NAIROBI, Dec. 16 (Xinhua) — Harrison Kamande’s meteoric rise from an ordinary constable to a sergeant at the Kenya Wildlife Service (KWS) has been an inspiration to his younger peers on the frontline of protecting iconic species like elephants and rhinos from human induced threats.
The 35 years old father of four had limited interaction with Kenya’s wildlife heritage while growing up in a farming village but came to appreciate its enormous value later in adulthood when he graduated from a rangers’ training school.
Kamande was among dozens of rangers who were awarded cash prizes and certificates of recognition on Sunday when Kenya marked Conservation Heroes Day, thanks to their selfless dedication towards wildlife protection.
“The job of a wildlife ranger is not meant for the faint-hearted. Danger lurks in every corner of the jungle as we go about the business of protecting flora and fauna,” Kamande remarked.
He recounted chilling encounter with large mammals like buffaloes, rhinos and elephants while patrolling the wildlife parks with colleagues but escaped unhurt after making good use of paramilitary training he underwent after high school.
Kamande noted that protecting Kenya’s wildlife species has become a risky enterprise in the wake of poaching and human-wildlife conflicts linked to shrinking habitat for animals and climatic stresses.
“While in the middle of the forest, it is not unusual for an animal to emerge from nowhere and charge at a human being who has intruded into its territory. An encounter with bandits who hunt these animals is a chilling prospect,” said Kamande.
He beamed with a sense of pride and relief upon receiving a token of appreciation for exemplary service at the agency in charge of managing Kenya’s wildlife sanctuaries.
Kenyan First Lady, Margaret Kenyatta presented cash prizes and certificates of recognition to living conservation heroes like Kamande in recognition of their selfless devotion towards protection of wildlife.
“The sacrifice of men and women who protect our wildlife heritage should be recognized and rewarded. Our wildlife numbers have gone up as a result of dedication of these gallant foot soldiers,” Kenyatta said.
She reaffirmed the government’s commitment to improve welfare of wildlife rangers through re-training, provision of medical insurance and protective gear.
Hundreds of armed rangers who guard wildlife sanctuaries spread across Kenya’s vast savannah have developed a strong affinity towards iconic wildlife species that are a major source of tourism revenue in the East Africa’s largest economy.
Elka Makhanu, a female ranger with 14 years of experience guarding different national parks in the country said she felt honored to be part of the team that is protecting wildlife treasures despite the inherent risks.
“It feels great to be among the few female wildlife rangers in the country and the job is laden with many risks but am determined to protect a heritage that was bequeathed to us by our ancestors,” said Makhanu.
The bubbly ranger with athletic features said that spending time inside protected wildlife areas for more than a decade strengthened her resilience in the face of numerous dangers.
“I appreciate the vast knowledge I have gained working as a ranger and look forward to mentoring young people who are keen to venture in this vocation.
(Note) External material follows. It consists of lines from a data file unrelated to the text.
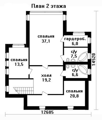 На территории второго этажа в зоне ночного пребывания находятся две комнаты под спальни, холл, ванная и апартаменты хозяев дома с персональной ванной и гардеробом.
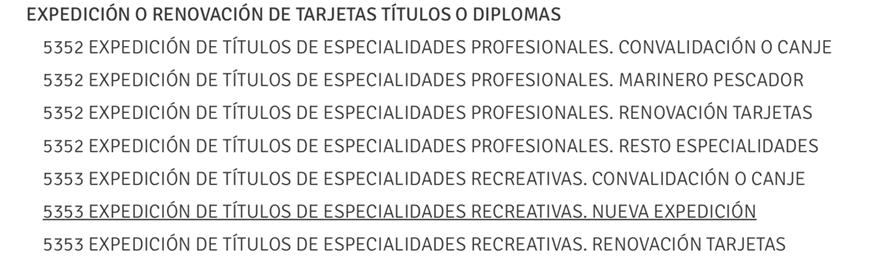 3. (5353) Expedición de títulos de especialidades recreativas. Nueva expedición.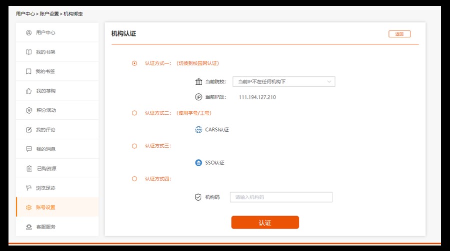 1、校内IP范围内的用户,进入“用户中心”点击“认证”,选择“认证方式一”,即可实现“IP认证”。用户IP认证后,每次享有最长90天的离校访问权限。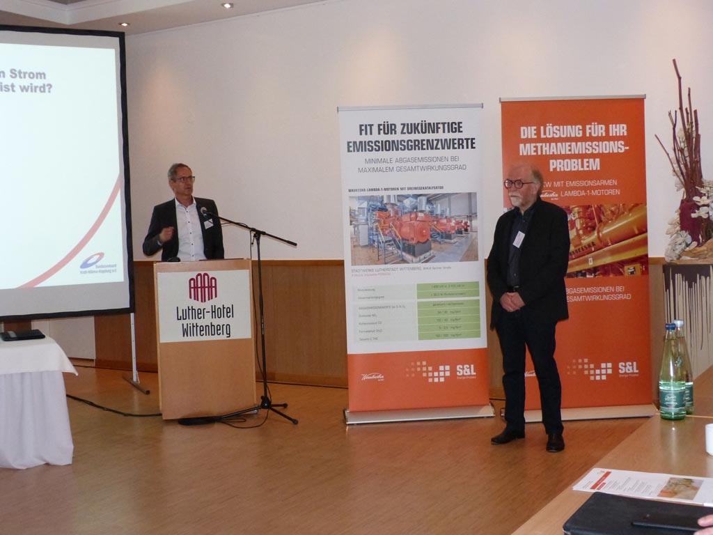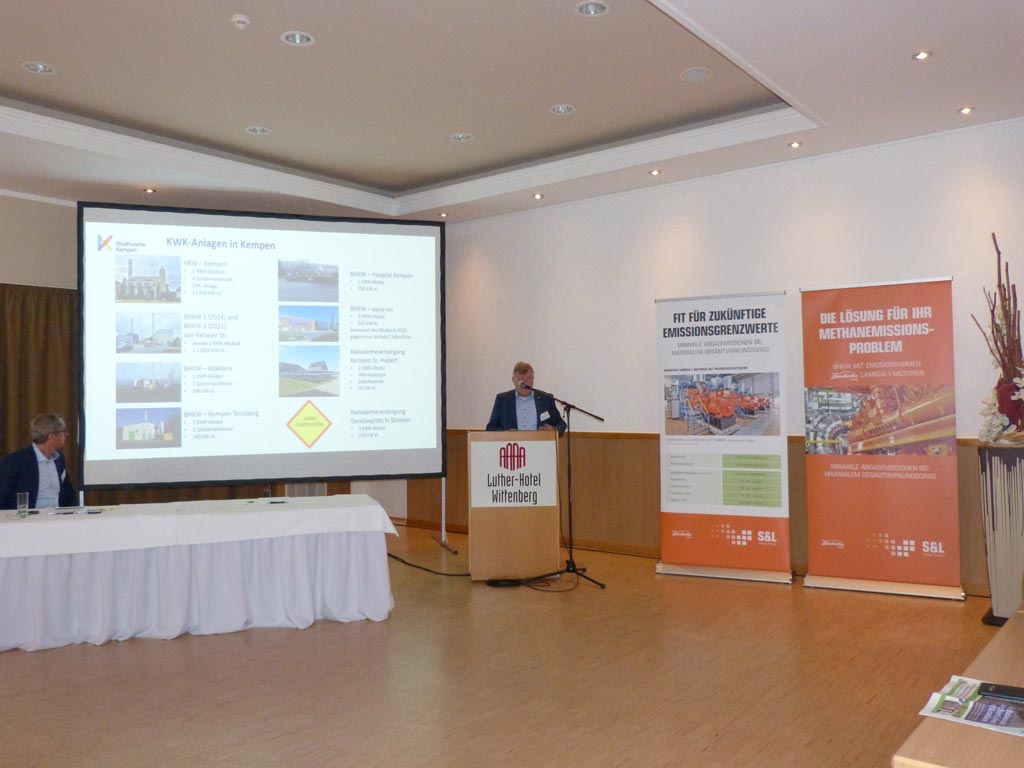 Die S&L Energie-Projekte GmbH und die Co-Gastgeber von den Stadtwerken Lutherstadt Wittenberg referierten über die Alternative Lambda-1-BHKW, mit der sehr hohe Gesamtwirkungsgrade erreicht werden und die neuen Emissionsgrenzwerte ohne komplexe Anlagentechnik problemlos eingehalten bzw. sogar deutlich unterschritten werden können. Dadurch lassen sich insbesondere hunderte Tonnen an Emissionen des besonders klimaschädlichen Methans verhindern. Dass dies auch in der Praxis funktioniert, zeigten die Stadtwerke am zweiten Veranstaltungstag, als die Teilnehmer die Möglichkeit hatten das wohl größte Lambda-1-BHKW in Deutschland mit 4 x 1,5 MWe zu besichtigen.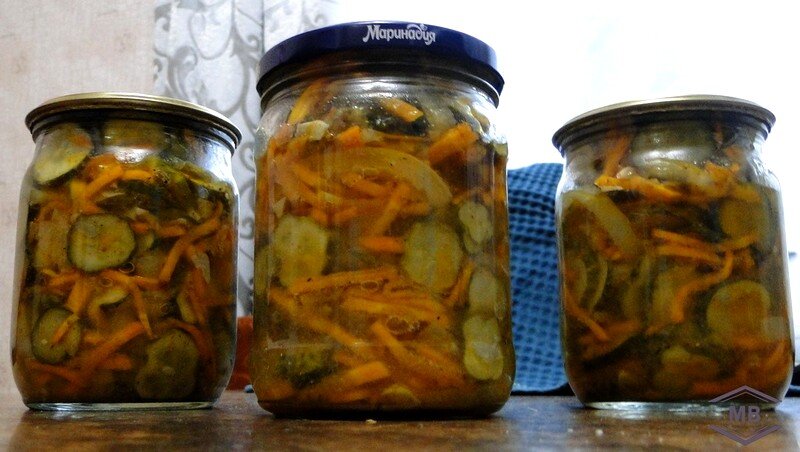 Салат с морковью и огурцами по-корейски на зиму легко приготовить из летнего урожая огурцов. Салат с огурцами и морковью получается в меру острым, с приятной ноткой вкуса. Ингредиенты (на 4 банки по 0,5 л): 1 кг огурцов, 400 грамм моркови, 300 грамм болгарского перца, 50 грамм чеснока. Заправка: 120 мл растительного масла, 65 грамм сахара, 30 мл уксуса, 20 грамм приправы для моркови по-корейски, 1 столовая ложка с небольшой горкой соли. Процесс приготовления: Огурцы нарезаем кольцами, морковь натираем на тёрке, болгарский перец – соломкой, чеснок – тонкими пластинами. Соединяем овощи в глубоком тазу. Готовим заправку. К маслу добавляем чеснок, приправу, соль, сахар и уксус, перемешиваем. Переливаем массу к нарезанным овощам. Перемешиваем, чтобы овощи пропитались заправкой. Накрываем крышкой или тарелкой и ставим под гнёт на 4 часа, чтобы из овощей выделился сок. Распределяем салат по стерилизованным банкам. Сок, что выделился при давлении гнёта, переливаем также в банки. Накрываем

The rewards are myriad if there is passion and commitment,” said Makhanu.
Kenya wildlife service (KWS) and partners have come up with a reward scheme for rangers whose outstanding performance has contributed to enhanced protection of iconic species facing threat of poaching.
Charles Musyoki, acting director general of KWS said that motivating wildlife rangers amid mounting threat to their safety has been a priority to enhance protection of iconic species like large herbivores, carnivores, birds and reptiles.
“We are committed to providing incentives to rangers whose contribution to survival of our wildlife heritage is critical. These rangers have demonstrated high levels of patriotism while protecting a resource that we are proud to bequeath to future generations,” said Musyoki.
Raphael Muthama, an assistant warden 2 who is in charge of wildlife sanctuaries in northern Kenya said his 17 years’ experience as a ranger taught him the value of cherishing iconic species that are embedded in Kenya’s heritage.
“It requires sacrifice for one to work as a ranger. Living in the jungles while protecting wildlife is a highly risky undertaking. We often dodge bullets from poachers and an attack from the animals is a real possibility,” said Muthama.
The 37 years old father of two vowed to be on the frontline of protecting iconic wildlife species given their contribution to the country’s prosperity and ecosystem balance.